We have developed a system which helps the user to recall something important (e.g., a birthday, anniversary, appointment, and homework assignment) or to have ideas in general by giving a visual clue to him/her. The information presented to the user may not be the one that he/she is looking for, but is the one which would inspire the user with a matter of concern.
The figure on the right shows an interface of the system where LoCoS symbols (originally proposed by Prof. Ohta) are used as visual elements. Each of the symbols moves independently of others. An important point is that, as you can see in the figure, the symbols are transparent. When two or more symbols are overlapped on the screen, they are merged graphically, resulting in a new symbol. As the result, we have a chance of getting an infinite number of symbols. For example, the user may associate a combination of two symbols at the upper position with an idea “I should go to a beauty parlor” or a combination of three symbols at the bottom with “Let’s buy a slider as a birthday present to my grandson”. An experiment showed that the use of the system improved the capability of recalling.
Media understanding and enhancement
We were interested in how media convey the information and affect people - the way of their understanding and thinking. There have been a variety of research trials on media in, for example, computer vision, speech understanding, and artificial intelligence. But those researchers focus on analysis of a certain media type (i.e., text, image, video, and sound). Less study on media themselves or interdependency among media entities has been done. We investigated a mechanism of media understanding. As a very first step, we have proposed a scheme of generating a sequence of scenic pictures from a narrative text. The input text is first decomposed into segments, each of which corresponds to paragraph(s) to be printed on a separate page in a picture book. Key characters are extracted by referring to a pattern of their appearances in the segments. Finally an image is generated to each of the segments by arranging key characters on a stage and determining the position and pose of a camera accordingly.

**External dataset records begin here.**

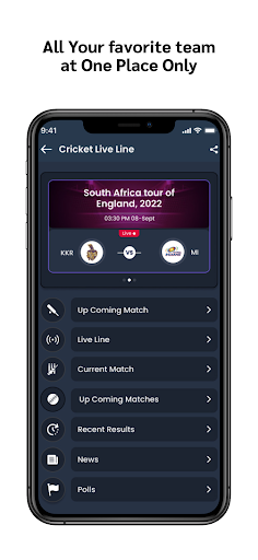 🏏 Alerts & notifications of live and upcoming matches.
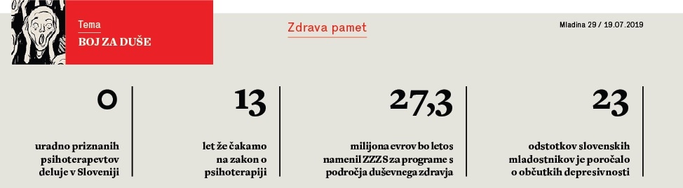Število uradno priznanih psihoterapevtov, ki delujejo v slovenskem prostoru, je znano: nič. Naša država namreč tega poklica sploh ne pozna in ta še vedno ni opredeljen v registru poklicev. Rekli boste, kako je to mogoče, ko pa so psihoterapevti vendar povsod, knjigarne so polne njihovih knjig z nasveti za srečno življenje, priljubljene revije v vsaki številki objavljajo intervjuje z njimi, najbolj znani se nam celo smejijo z obcestnih plakatov. Vendar ti ljudje oziroma njihova podjetja, espeji, »klinike«, inštituti in zavodi v poslovnem registru formalno niso registrirani za izvajanje psihoterapije, temveč za »druge zdravstvene dejavnosti«, delujejo pa zunaj zdravstvenega, socialnega in šolskega sistema, povsem na svojo roko in samoplačniško – pa če jim to ustreza ali ne.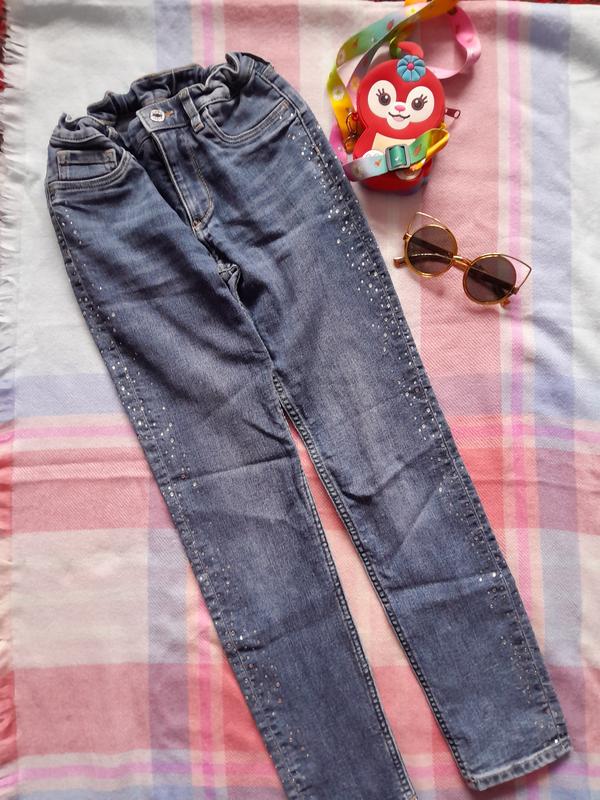 крутые джинсы с камушками по бокам. красиво тянутся. чуточку потеряли цвет, но без дефектов. замеры задам
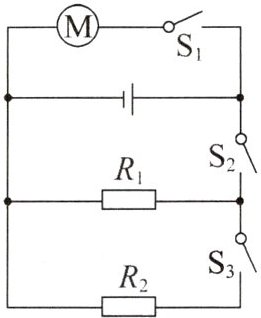 4.(2023·广西中考)简易榨汁杯的电路原理图如图所示,榨汁杯工作时有榨汁、加热、保温三个挡位。当闭合开关________时,榨汁杯处于榨汁挡;当只闭合开关$S_{2}$时,榨汁杯处于________挡。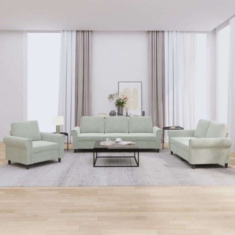 Teljes vidaXL 3 részes világosszürke bársony ülőgarnitúra párnákkal termékleírás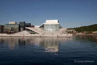 Nous arrivons au bout d’une longue marche au palais royal. Nous traversons le jardin du palais où nous avons de belles senteurs de lilas et des gardes du palais aussi droits que les gardes du palais de Buckimgham en Grande Bretagne. A la fin du jardin du palais royal, nous redescendons une avenue pour aller au port. De là, nous avons deux grands bâtiments monumentaux, d’un côté l’Hôtel de Ville d’Oslo et de l’autre le théâtre où est desservit chaque année les Prix Nobel de la Paix. Nous déambulons quelques instants sur le port en admirant quelques beaux navires à voiles. Nous remontons vers le château où nous devons avoir un joli point de vue sur Oslo, en chemin nous croisons des dizaines de jeunes se réunissant pour un grand concert. Nous longeons donc au dessus des remparts le chemin de ronde, nous avons un beau panorama, d’un côté vers Oslo et son port et de l’autre vers la baie où nous remarquons de beaux bateaux. Nous redescendons pour dîner dans un restaurant près du port. Nous dégustons une bonne assiette de crevettes roses sur des tranches de pains et du beurre. Il paraît que c’est la spécialité du port d’Oslo. Après le repas, nous continuons notre périple en remontant la grande rue Rådhusgata pour rejoindre le deuxième port. En chemin nous passons en dessous d’un grand bâtiment : le théâtre Nordic Black Theatre.Nous arrivons enfin au deuxième port.
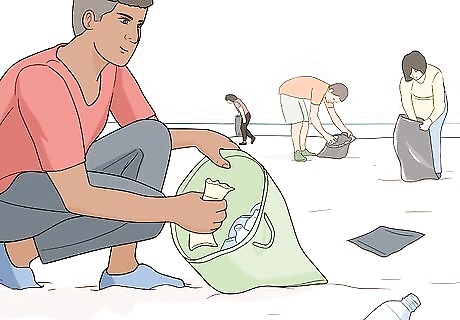 Participate in a beach cleanups. Many coastal areas have teams of volunteers who clean up the beaches. Volunteer some of your time to get rid of litter, trash, and recyclable materials that wash up on beaches and make a safer habitat for sea turtles. If you don't have time to participate in a beach cleanup, at least clean up after yourself. Plastic bags and fishing equipment are particularly dangerous for sea turtles.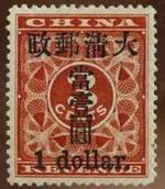 这枚红色印花邮票是清朝人用作缴交关税的三分税票,但国家邮政成立初期未有足够邮票使用,在税票盖上一元,当作邮票。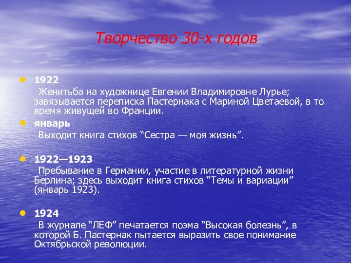 Творчество 30-х годов1922	Женитьба на художнице Евгении Владимировне Лурье; завязывается переписка Пастернака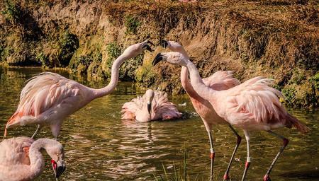 Keywords: bird flamingos squabling altercation wading birds pink feathers fight fly wings feather wildlife beak wild freedom outdoor avian majestic creature wilderness nature mammal vertebrate animal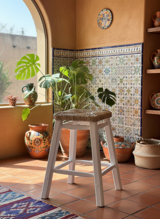 Precioso Equipal Artesanal Blanco Estilo Antiguo Tradicional

Searching the web based on visual structures
Searching the information on the web is one of the daily activities. Effective and efficient search on the web is a key challenge. We proposed a system for web search based on the visual structure (layout and colors) of web pages. Considering that interpretation of visual structures depends on individual perceptual characteristics, the creator and the searcher both participate in a session of expressing their own interpretation of layout and colors of a target web page. Web search is carried out by evaluating similarities between those visual page structures. This search scheme will help people to organize richer social networks with consideration of user's sensibility and preference to visual structural features.
Video editing based on camera motion and object movement
Videos are active and rich media which are enjoyable for the people. Recent advancement of digital technologies, specifically the development of consumer digital video camcorders and mobile phones with camera, makes us possible to take videos with ease. This then requests us to have a facility of editing videos which have been taken, so as to fit to their preference. While many video editing software are available, it is allowed in most cases just to cut a video into segments and arrange them along a timeline.
We first proposed a new editing scheme allowing the user to specify desirable camera motions, specifically pan, tilt, and zoom, to a video shot after the shot has been taken. Next we extended the system so that selected objects are placed and kept at the center of the frames to make the resultant video more attractive.